И за этим энергичным выкриком он сделал в духе энергичное движение кулаком.
– Что, брат Грибский, заварил кашу? – захохотал другой арестант, спокойно лежавший на нарах.
Он давно уже производил на меня крайне неприятное впечатление своими наглыми светло-серыми глазами, постоянно, точно у волка, оскаленными, белыми как слоновая кость зубами и всем своим лицом, тоже ослепительно белым и прекрасно упитанным. Рядом с этим антипатичным развязным блондином, фамилия которого была Тропин, лежал четвертый из новичков, худощавый брюнет с длинными усами и прямым острым носом; темные глаза его в глубоких впадинах смотрели пронзительным и почти диким взглядом. Звали его – Стрельбицкий; он не проронил пока ни одного слова.
Грибский попрежнему стоял возле наших нар, повесив голову и имея самый виноватый вид.
– Я что же… Я, как все, господа, – продолжал он оправдываться, – против общества я никогда не пойду.

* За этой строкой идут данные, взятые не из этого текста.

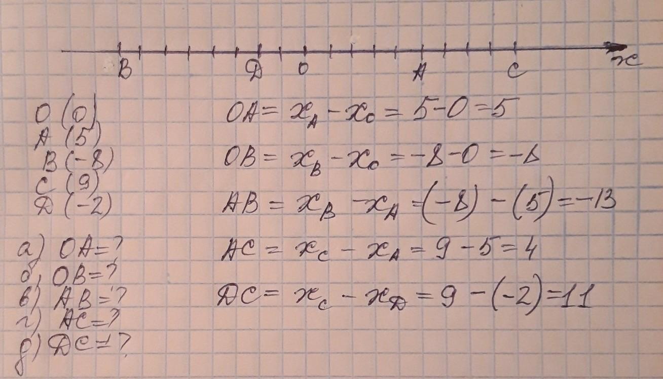 изобразите координатную ось. отметьте на ней точки О(0), А(5), В(-8), С(9), D(-2). вычислите длину отрезка. а)ОА, б)ОВ, в)АВ, г) АС, д) DC

Я даже очень буду рад… Конечно, глупая привычка наша всему причиной… К тому же иные настоящие господа очень даже сами одобряют крепкое слово… Приходилось мне и порядочное общество тоже видать… Но ежели ваш характер иного рода, так простите великодушно, я не знал ведь…
Несчастный "любитель" имел очень комичный, жалко-растерянный вид.
– Больше, значит, не будете? – сурово спросил его Штейнгарт.
– Прямо язык себе позволю отрезать! – обрадовался Грибский. – Прямо вот принесу ножик, подам в руки и скажу: "Режьте, Дмитрий Петрович, заслужил!"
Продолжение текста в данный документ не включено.